If all alignment properties we cared about were in this complexity class, it may be the case that worst-case alignment is strictly intractable.
However, there are many properties that belong to the complexity class of the agent alone, such that evaluation is much more feasible. Properties describing specific mechanistic components of the model, for instance. The sub-problem of identifying explicitly deceptive circuits within a model falls under this category[1].
Another property is related to internal optimization within systems. If you buy the idea of optimization as pointing at something real in the world[2], then for the right operationalization properties about optimization are properties that belong to the complexity class of the system it’s internal to. One example of this is the target of this optimization: what I refer to as objectives, and the focus of most of my work.
I think one way to frame the core part of the technical alignment problem is that we need to figure out how to interface with the alignment properties we care about within the systems we care about. The choice of what properties we try to build interfaces with is pretty central to that, and I think a commonly missed idea is that some properties we care about cash out in pretty different ways at the limit, and as such are more or less tractable.

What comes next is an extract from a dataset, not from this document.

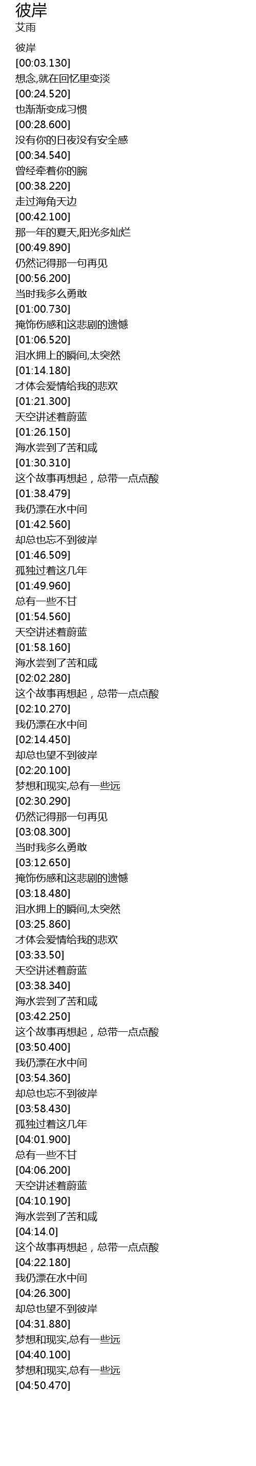 | [03:54.650] | 却总也忘不到彼岸 |
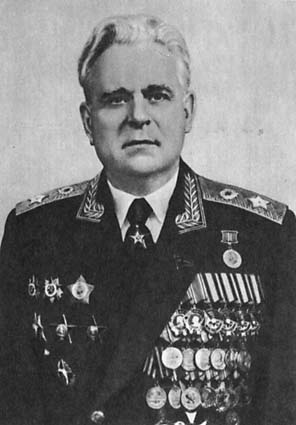 (Н. С. Хрущев докладывает по телефону И. В. Сталину о прибытии 5-й гвардейской танковой армии в район станции Прохоровка. Рядом, справа налево: командующий БТ и MB фронта генерал-лейтенант А. Д. Штевнев, командующий армией генерал-лейтенант П. А. Ротмистров и заместитель командующего армией И. Р. Апанасенко. 10 июля 1943 г.)

This is also, by my understanding, the part of the problem that most theories of impact for current interpretability work focus on. That it only focuses on this part of the problem is one of my reservations of current interpretability work.
Even if very confused in current operationalizations. It could also be very fuzzy in realistic scenarios, with blurred boundaries between things that are structurally optimizers and things that aren’t. However, I think there’s a coherent conceptual boundary that can be drawn.